Enable backprop through the kernel

FalkonML / falkon

Large-scale, multi-GPU capable, kernel solver

https://falkonml.github.io/falkon/

MIT License

181 stars 22 forks source link

Enable backprop through the kernel #8

Closed Giodiro closed 2 years ago

Giodiro commented 4 years ago

This could allow optimization of kernel parameters with autograd.

Steps:

Make the kernel classes torch modules (but modules have a single operation, we have call(), mmv, dmmv..
Figure out how to backprop with the prepare, apply, finalize op sequence
Wrap ops (e.g. norm) in torch modules with backwards implemented

jacarvalho commented 4 years ago

I second this. In many applications, the input to the kernel comes from the output of a parameterized function with parameters \theta. It would be great if we could compute gradients wrt \theta.

Is this already implemented/planned to be implemented?

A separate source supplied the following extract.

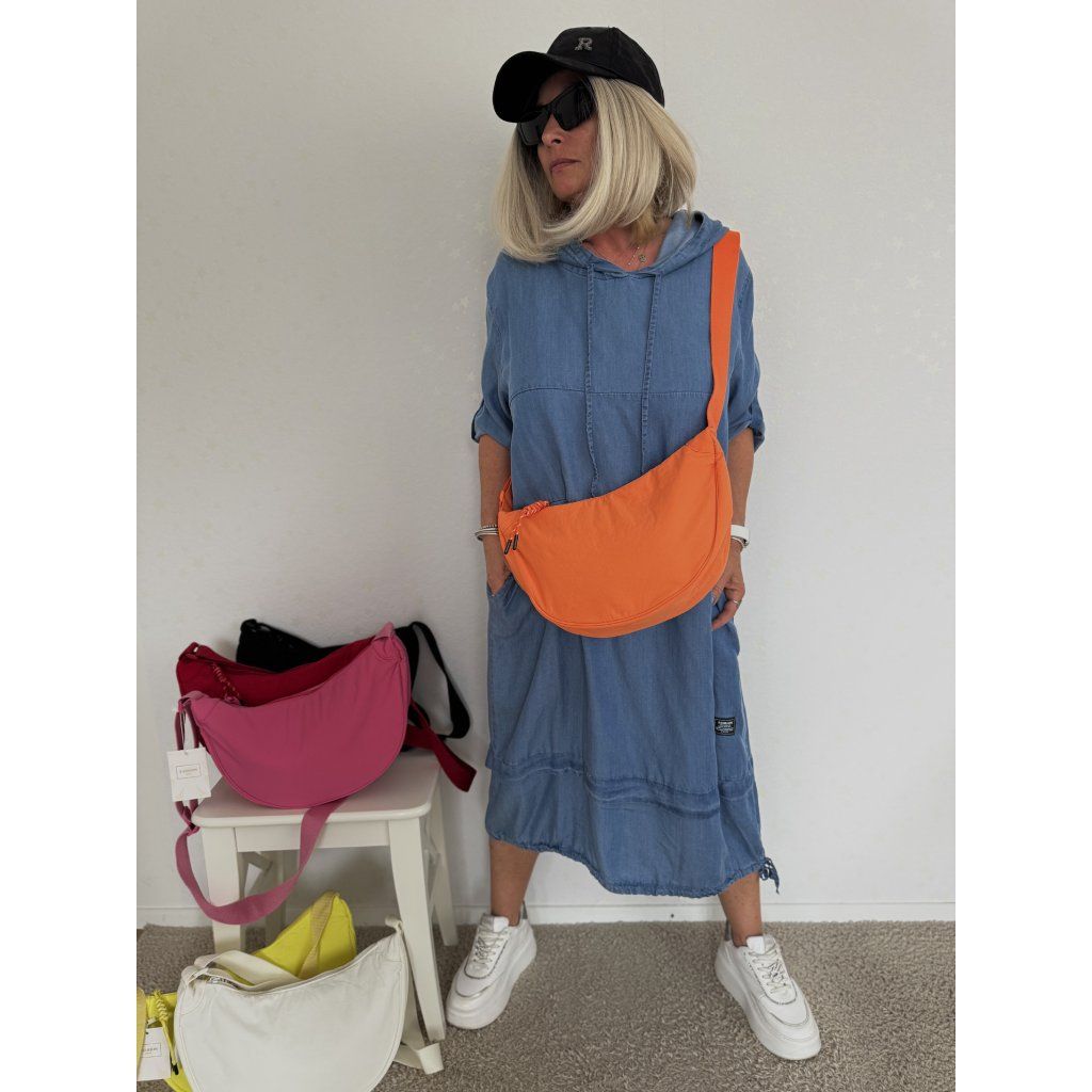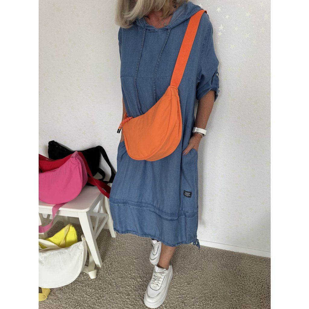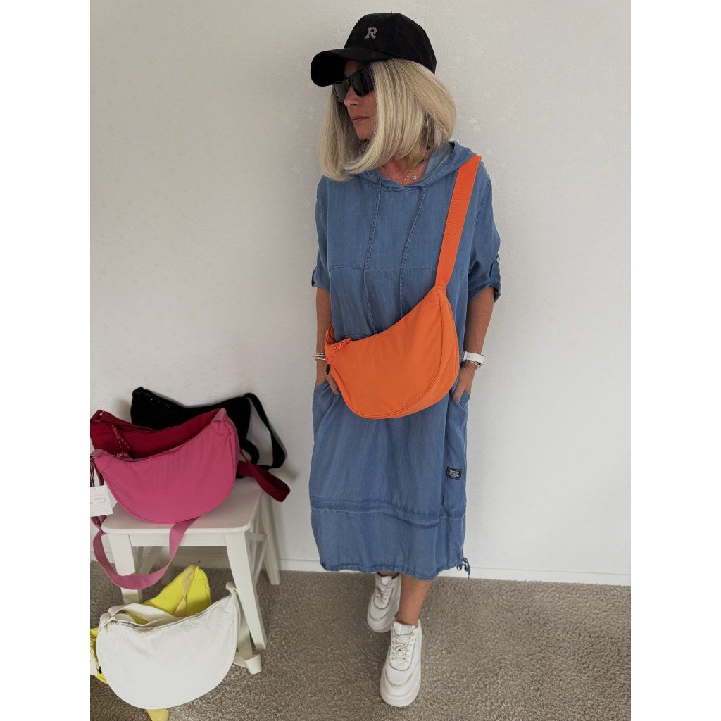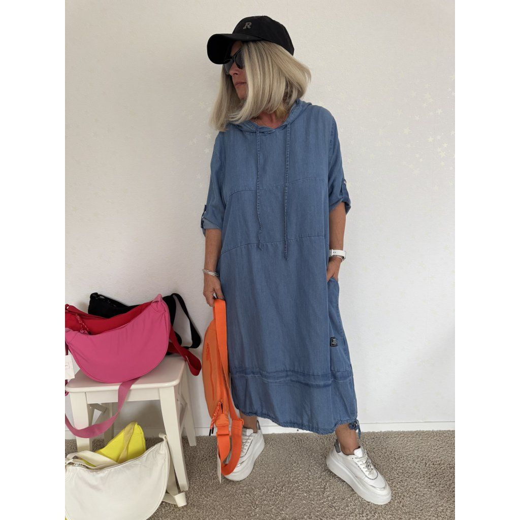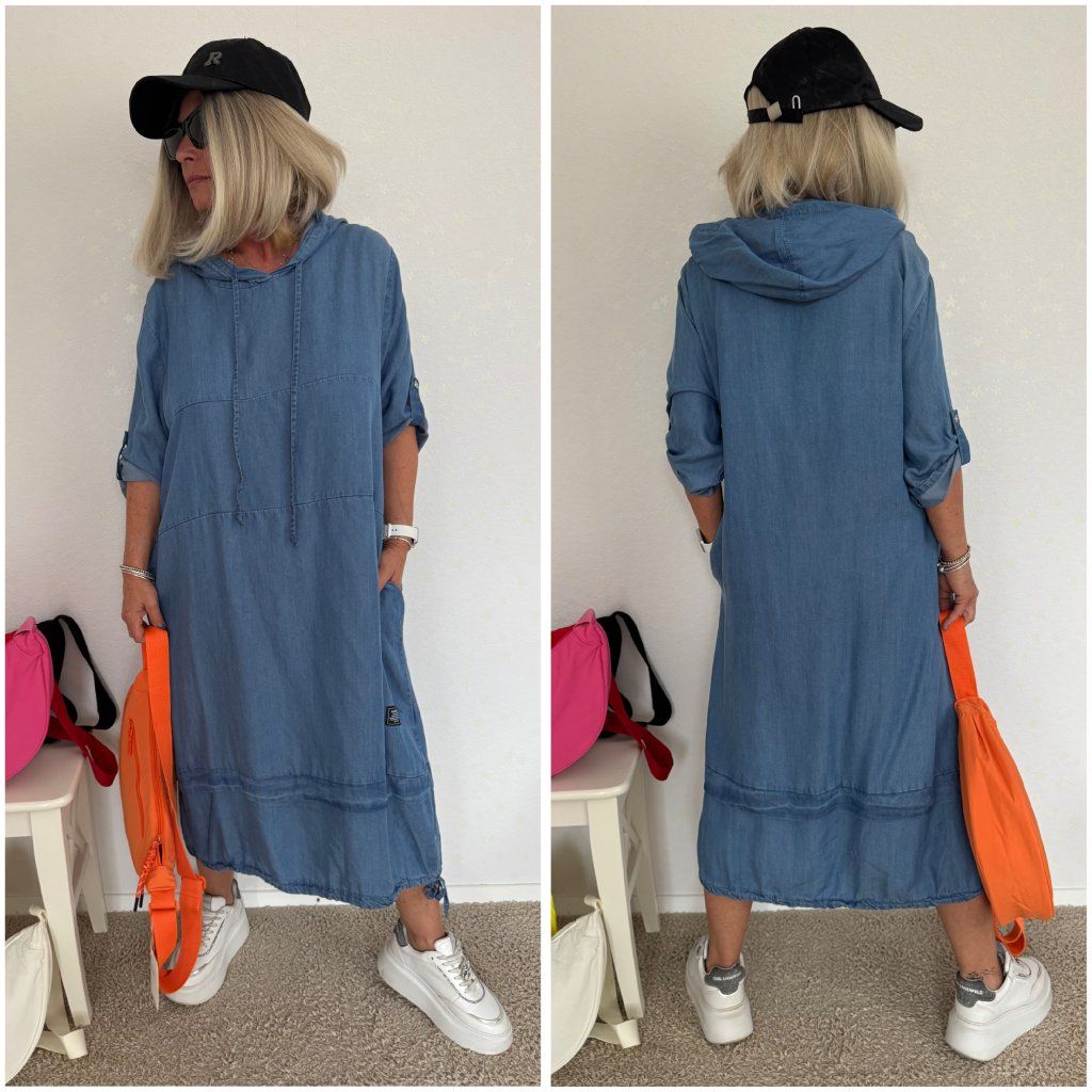 Volný střih s kapucí, praktickými kapsami a surovým lemem dodává šatům moderní oversized look.

Giodiro commented 4 years ago

For now this is not implemented. Differentiating through the kernel would not be hard in itself thanks to KeOps, so if you had an already trained falkon model, then you could differentiate through its predictions. Would this be useful for your use-case?

In practice the current model is trained with conjugate gradients, and we cannot simply use such algorithm to differentiate with respect to arbitrary, parametrized feature transformations of the data :(

jacarvalho commented 4 years ago

My use-case involves differentiating through the predictions of an already trained model. So I might be able to use KeOps then. Thanks for tip!